Graham also reiterated to Wolf Blitzer that his expectations for The Surge remain exceeded. This was yesterday, before the news that violence claimed more Iraqi civilian lives in July — more than 1,600 — than in February, when The Surge was inaugurated, and before the largest Sunni parliamentary bloc announced that it was pulling out of the government and that its ministers, including a deputy prime minister, were resigning. It’s unlikely, though, that either item would influence Graham’s assessment even though he acknowledges that “all the military might in the world is not going to win in Iraq until the Iraqi political leaders reconcile their country.” (Although one has to think that maybe all the military might in the world would win, if it was arrayed on one side; it’s just that overextended portion of it that we can bring to bear won’t.)

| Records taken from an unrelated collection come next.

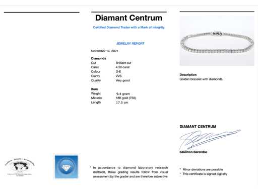 carats Diamant : naturel ; Quantité : 64 pièces ; Coupe : Coupe brillante ; Poids (carat) : 4,50 carats ; Couleur : D-E ; Pureté : VVS-CONTRE ; Qualité de la coupe : Très jolie ; Bijou : Bracelet ; Poids : 9,4 onces ; Dimensions/longueur : 17,5 cm (personnalisable) ; Matériau : or 18K (750) ; État : Neuf ; Emballage : Boîte à bijoux de luxe ; Explication : La qualité a été prise du rapport correspondant à l’article. L’évaluation est une évaluation d’un négociant certifié en diamants, basée sur les prix à la consommation ; Prix à la consommation : 26 640 €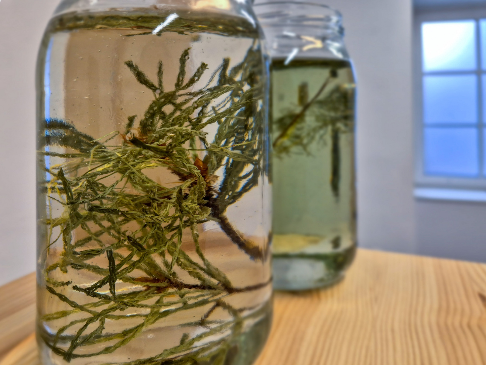 Helen Tóth: Florálne hybridy, 2024, objekt – prírodniny, živica, zaváraninové fľaše (foto: KUNSTARTUM)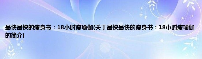 本文关于最快最快的瘦身书:18小时瘦瑜伽的简介就讲解完毕,希望对大家有所帮助。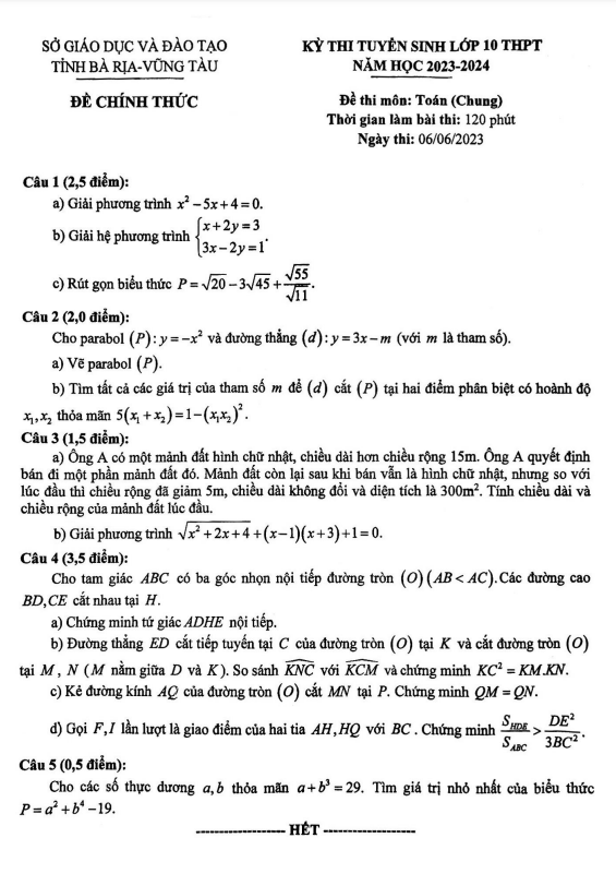 Đề tuyển sinh môn Toán (chung) năm 2023 2024 sở GD ĐT Bà Rịa Vũng Tàu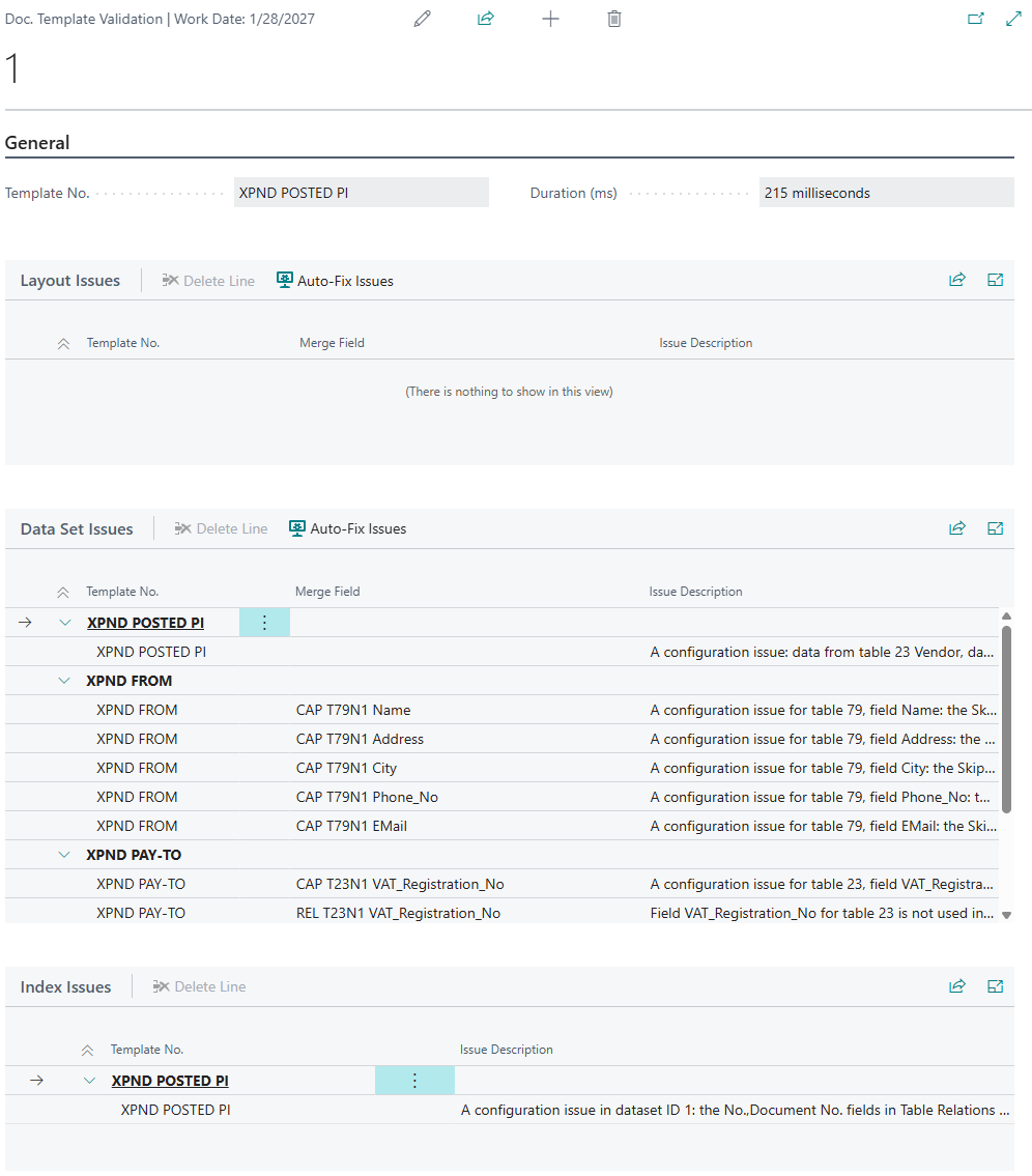 - (optionally) You can use the Auto-Fix Issues action to automatically resolve issues where possible. Issues that could not be resolved automatically will need to be reviewed manually by correcting the template configuration (either on the template card or in the document layout or both depending on the issue).

So the situation now is that when the parliament reconvenes in September, they will not only not have resolved any of the legislative conflicts the Bush administration insists they must, but they’ll actually be farther from doing so than they were when they left, which was close to as far as could be. And when General Petraeus, who is the current reigning Daddy figure for Graham and everyone else who can’t bring themselves to take responsibility for their own thinking on Iraq, makes his September report on the progress of The Surge, his acolytes will find themselves insisting that even though the political situation in Iraq is actually worse than it was before The Surge began, The Surge has succeeded so well in creating an improved security environment in which political progress is theoretically possible that we cannot possibly afford to interfere with it.
Of course the obvious solution to the problem is the one that many Democrats and a few Republicans now favor— pull out enough troops so that the insurgents and militias have more or less free reign, but not so many that we cease to be a provocatively occupying power. And continuing giving guns to everyone.